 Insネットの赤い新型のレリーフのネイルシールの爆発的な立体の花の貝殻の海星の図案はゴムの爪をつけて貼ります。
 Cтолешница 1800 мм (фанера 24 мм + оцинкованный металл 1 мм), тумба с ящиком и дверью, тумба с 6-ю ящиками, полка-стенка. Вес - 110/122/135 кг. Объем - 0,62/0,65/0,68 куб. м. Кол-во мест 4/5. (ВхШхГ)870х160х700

---

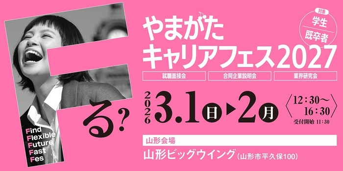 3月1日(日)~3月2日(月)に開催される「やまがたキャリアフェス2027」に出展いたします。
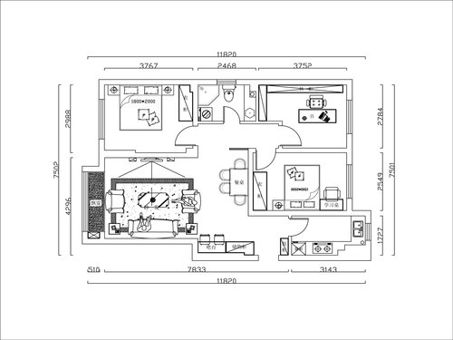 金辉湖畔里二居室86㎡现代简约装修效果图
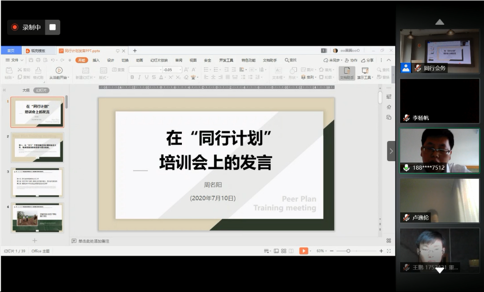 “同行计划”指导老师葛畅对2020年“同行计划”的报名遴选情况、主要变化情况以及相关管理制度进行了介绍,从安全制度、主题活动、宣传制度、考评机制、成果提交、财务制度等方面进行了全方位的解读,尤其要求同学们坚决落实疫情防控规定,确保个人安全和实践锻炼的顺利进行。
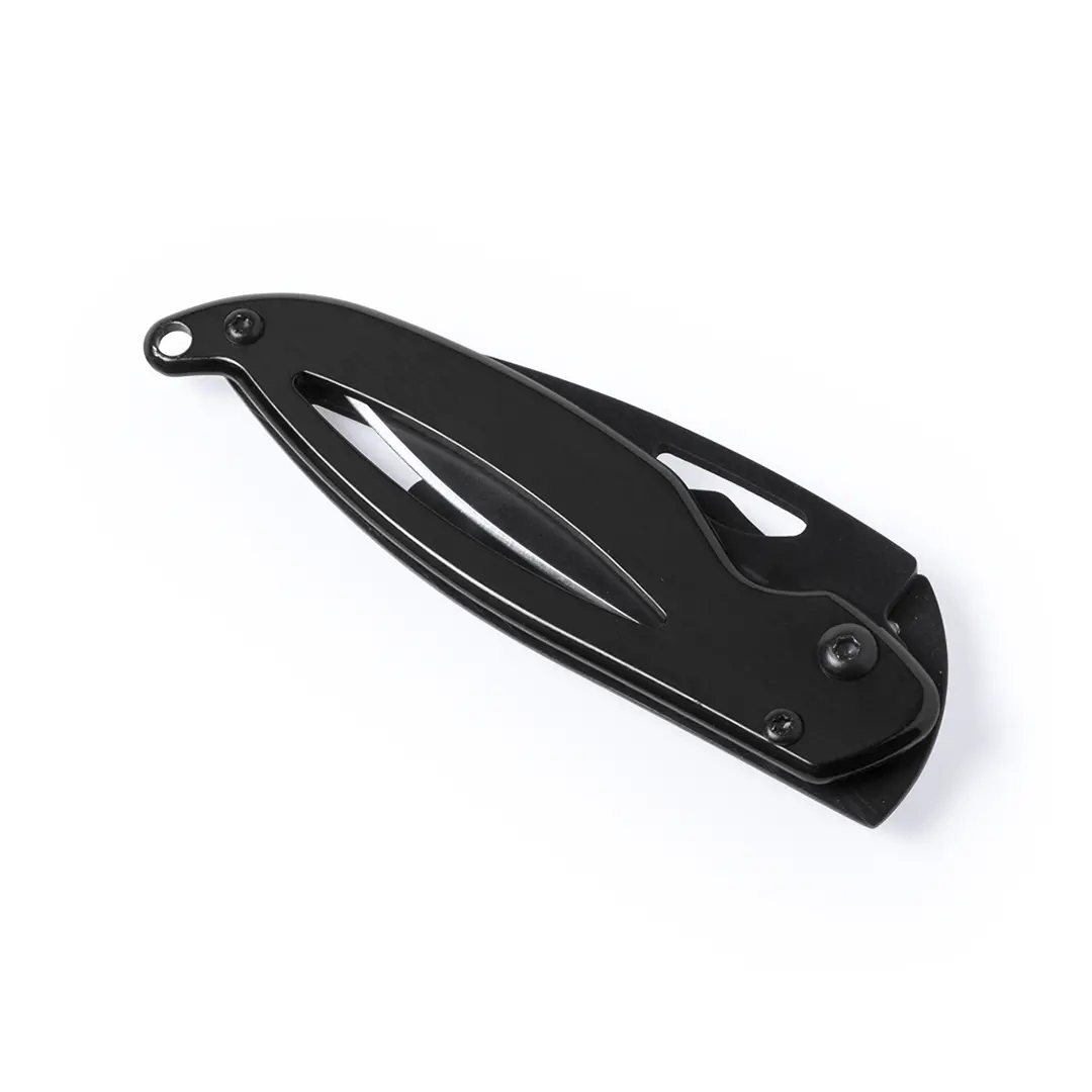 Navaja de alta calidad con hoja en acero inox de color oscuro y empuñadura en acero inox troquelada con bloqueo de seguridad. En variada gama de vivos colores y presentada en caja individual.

### Problem to solve
From the records above, copy exactly the stretch from the line holding "金辉湖畔里二居室86㎡现代简约装修效果图" through the line holding "Navaja de alta", both ends included, without the pictures.

### The answer
 金辉湖畔里二居室86㎡现代简约装修效果图
 “同行计划”指导老师葛畅对2020年“同行计划”的报名遴选情况、主要变化情况以及相关管理制度进行了介绍,从安全制度、主题活动、宣传制度、考评机制、成果提交、财务制度等方面进行了全方位的解读,尤其要求同学们坚决落实疫情防控规定,确保个人安全和实践锻炼的顺利进行。
 Navaja de alta calidad con hoja en acero inox de color oscuro y empuñadura en acero inox troquelada con bloqueo de seguridad. En variada gama de vivos colores y presentada en caja individual.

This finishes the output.